What you have to do
Where a picture appears, leave it out, and transcribe all the lines below exactly.

Dataset excerpts:
━━━━━━

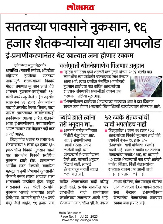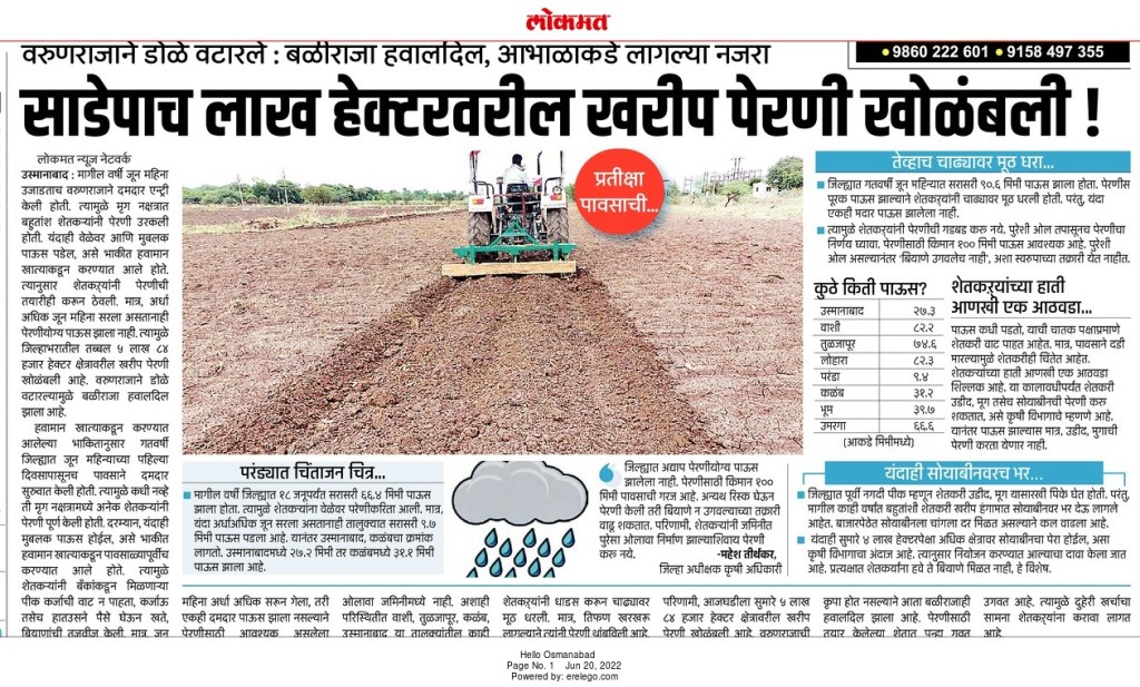 Look at these two contrasting news from last year from Osmanabad (Dharashiv) district. In June, there were news about lack of rainfall or delayed rainfall.
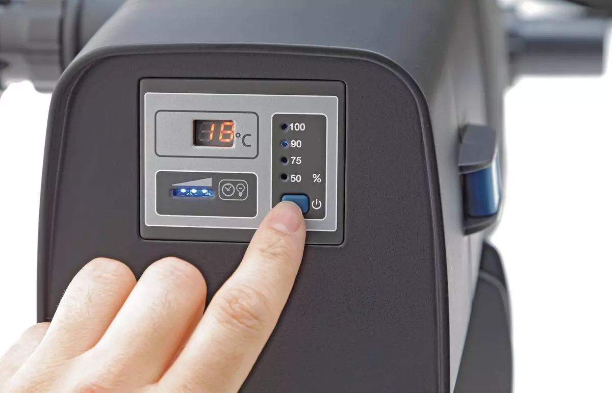 The control unit not only automatically shows you the current status of your lamps and the water temperature, it also allows you to adjust the output according to your needs
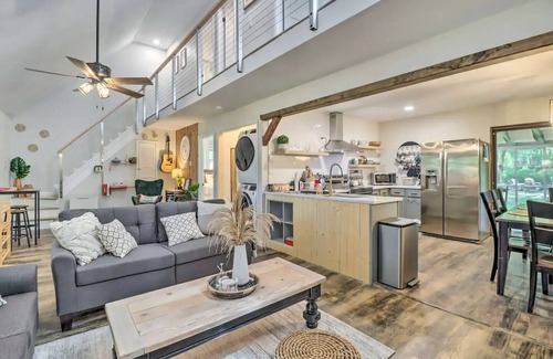 INDOOR LIVING: Smart TV, wood-burning stove, board games, contemporary decor, open floor plan, ceiling fans
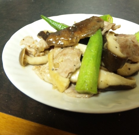 豚スライス肉...250gくらい しめじ...1袋 しいたけ...大き目の4つ おくら...7本 **ソース** チューブのガーリック...1cm 粗びきペッパー...多め 白ワイン...150cc チキンコンソメ...1個 塩...適量 ソースの材料を混ぜておく。 フライパンに油をしき、豚スライスとおくらを炒める。 火が通ったら、しめじとしいたけを加え炒める。 キノコに火が通ったらソースを加えて炒める。 しいたけを大きめに切ったのと、 ミニおくらを丸々使ったので、 食感があってよかったですー。 ヘルシーだからダイエットにもオス...
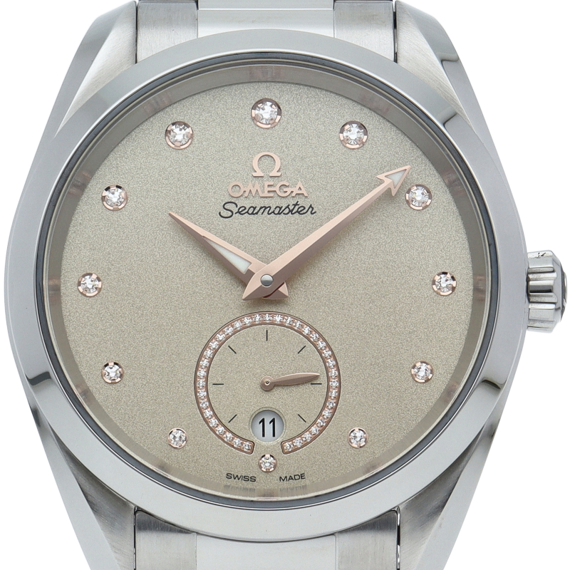 歴史有るペットネーム「シーマスター」を継承する、「シーマスター コーアクシャル アクアテラ マスタークロノメーター」。文字盤には美しいグレーカラーのダイアルを採用、6時位置に日付表示窓と、ダイヤ付スモールセコンドサブダイアルが配されています。ムーブメントにはMETAS認定マスタークロノメーターのコーアクシャルキャリバー8802を搭載。
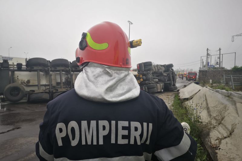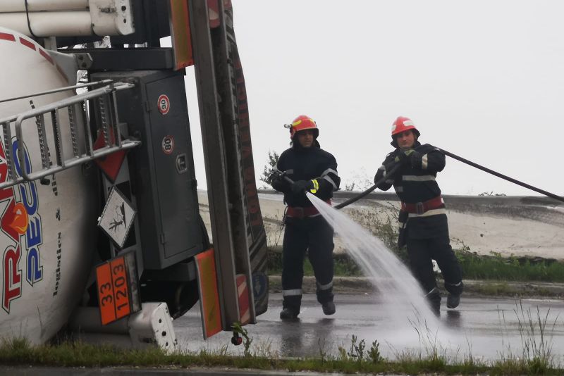 Pompierii argeșeni intervin cu 2 autospeciale de stingere, două autospeciale de descarcerare, autospeciala CBRN și o ambulanță SMURD la ieșirea de pe A1, la Bascov, unde o cisternă plină cu benzină și motorină s-a răsturnat. Șoferul a pierdut controlul volanului în curbă iar autovehiculul este răsturnat pe-o parte, pe șosea. Nu sunt victime.Cisterna este încărcată cu 33 de tone de combustibil, 20 de tone de benzină și 13 de motorină. Sunt scurgeri de benzină, pompierii încercând să oprească împrăștierea combustibilului pe carosabil.

━━━━━━

Written solution
 Look at these two contrasting news from last year from Osmanabad (Dharashiv) district. In June, there were news about lack of rainfall or delayed rainfall.
 The control unit not only automatically shows you the current status of your lamps and the water temperature, it also allows you to adjust the output according to your needs
 INDOOR LIVING: Smart TV, wood-burning stove, board games, contemporary decor, open floor plan, ceiling fans
 豚スライス肉...250gくらい しめじ...1袋 しいたけ...大き目の4つ おくら...7本 **ソース** チューブのガーリック...1cm 粗びきペッパー...多め 白ワイン...150cc チキンコンソメ...1個 塩...適量 ソースの材料を混ぜておく。 フライパンに油をしき、豚スライスとおくらを炒める。 火が通ったら、しめじとしいたけを加え炒める。 キノコに火が通ったらソースを加えて炒める。 しいたけを大きめに切ったのと、 ミニおくらを丸々使ったので、 食感があってよかったですー。 ヘルシーだからダイエットにもオス...
 歴史有るペットネーム「シーマスター」を継承する、「シーマスター コーアクシャル アクアテラ マスタークロノメーター」。文字盤には美しいグレーカラーのダイアルを採用、6時位置に日付表示窓と、ダイヤ付スモールセコンドサブダイアルが配されています。ムーブメントにはMETAS認定マスタークロノメーターのコーアクシャルキャリバー8802を搭載。
 Pompierii argeșeni intervin cu 2 autospeciale de stingere, două autospeciale de descarcerare, autospeciala CBRN și o ambulanță SMURD la ieșirea de pe A1, la Bascov, unde o cisternă plină cu benzină și motorină s-a răsturnat. Șoferul a pierdut controlul volanului în curbă iar autovehiculul este răsturnat pe-o parte, pe șosea. Nu sunt victime.Cisterna este încărcată cu 33 de tone de combustibil, 20 de tone de benzină și 13 de motorină. Sunt scurgeri de benzină, pompierii încercând să oprească împrăștierea combustibilului pe carosabil.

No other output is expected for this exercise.